I just read another list of Ten People to Unfriend on Facebook. Sheesh, what  downer. So many finger-shaking tsk tsk bad puppy lists. They couldn't be more annoyed if those rule-breaking facebookers actually came to their house and peed on the new carpet. 

That's really the only reason I'm writing this, an anti-anti response. It's not like I actually care what you write on your facebook page. I'll read your page because it's easy to do, and something other than working, and because some of you I like and miss, even if I've never met you, Ann C. 

A GOOD FACEBOOKER

1. Lets anyone post, even people who disagree. That means some good, passionate discussion can happen.

2. Shuts down the shit. Any internet thread anywhere will contain crap-o-la. Trolls happen and then there are the people who resort to ad hominem when they get angry. Good facebookers will stop that useless conversation. Or if they don't, their responses are smart-assed enough to make the nasty poster look silly.

3. Is willing to change her mind. Enough outside evidence is presented to make him rethink a long-held belief.

4. Is funny. So what if his posts are all just sharing Takei. Some of that shit is v. funny. FUNNY HAH HAHA HA.

5. Makes his or her own memes. Those might show insider jokes but that's okay.  Insider jokes are fine now and again because feeling confused is good for those of us on the outside.

6. Might do vaguebooking but usually describes what's going on, eventually. Sometimes a "today sucks" is all she wrote.
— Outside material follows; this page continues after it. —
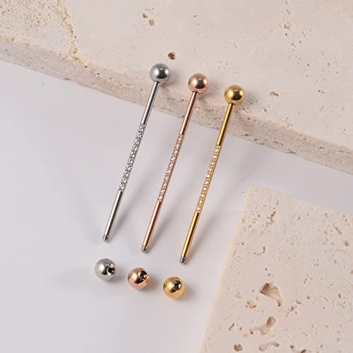 • SIZE: 14 guage (1.6mm), bar length: 38mm (11/2 Inch), ball dia.: 5mm. Color: Available in gold, rose gold and silver.

Hey, her page, her emotes, I got that. Go for it on occasion.

7.  If he writes about the weather, it'll be funny or pithy or tragic -- or knowledgeable because she's a meteorologist.  (and speaking of insider: Lyons and Drager FTW Goddamn, I love their explanations).

8.  When he asks for advice he tells us what he decided to do. Because we're nosy like that. 

9. Knows the Daily Currant is satire. I wasn't going to go hostile, but really, fuck you, Daily Currant. You're the only thing on the planet that makes me feel sort of sorry for Sarah Palin.

10. Warns us that the video she posted will contain an earworm. Except did you know rick-rolling is coming back? Ancient history for the internet is fresh again? Or not.

BONUS
11. Posts goats. Those rascals are still not old.

12. Also chickens.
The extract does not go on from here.